# Number of hospitals and beds per county

# Washington

Data for the list of hospitals and number of beds per hospital in Washinton state per county. 

Source:https://en.wikipedia.org/wiki/List_of_hospitals_in_Washington_(state)?fbclid=IwAR0vgjg_azCI_f9KPtUVtjuRgFjwUSvc5CfYgZgWzGJ8w_mOMl9GQqInH0c![image.png](attachment:image.png)

# Import required packages and read input files

In [15]:
# Import necessary packages 
import pandas as pd
from functools import reduce
from IPython.display import IFrame  
wikiLink_WA = "https://en.wikipedia.org/wiki/List_of_hospitals_in_Washington_(state)"
IFrame(wikiLink_WA, width=700, height=300)

Read the wikipedia page in Python.

In [16]:
data_WA = pd.read_html(wikiLink_WA,header = 0,flavor ='bs4',attrs = {'class': 'wikitable'})

Get the first table from the wikipedia page.

In [17]:
data_WA = data_WA[0]

# Clean data for merge

Convert data source to a data frame and select necessary columns.

In [18]:
WA_hospital = pd.DataFrame(data_WA)
WA_hospital = WA_hospital[['County','Hospital','Hospital Beds']]

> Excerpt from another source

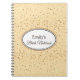 Dieses Notizbuch ist in einer leichten Champagnerfarbe mit goldenen kleinen Sternen gestaltet und verfügt über eine Ovale mit farbigen Rändern und einen personalisierten Namen im Oval. Text in Schokoladenbraun. Passen Sie auf Ihre Wünsche an oder kaufen Sie wie geplant.

For the purpose of this project, we are only interested in the aggregate number of hospitals and hospital beds per county. Our input data has the names of hospitals, and number of beds in each hospital per county in Washington and hence we need to create 2 new columns from the wikipedia data source that reflect this aggregated data at the county level. 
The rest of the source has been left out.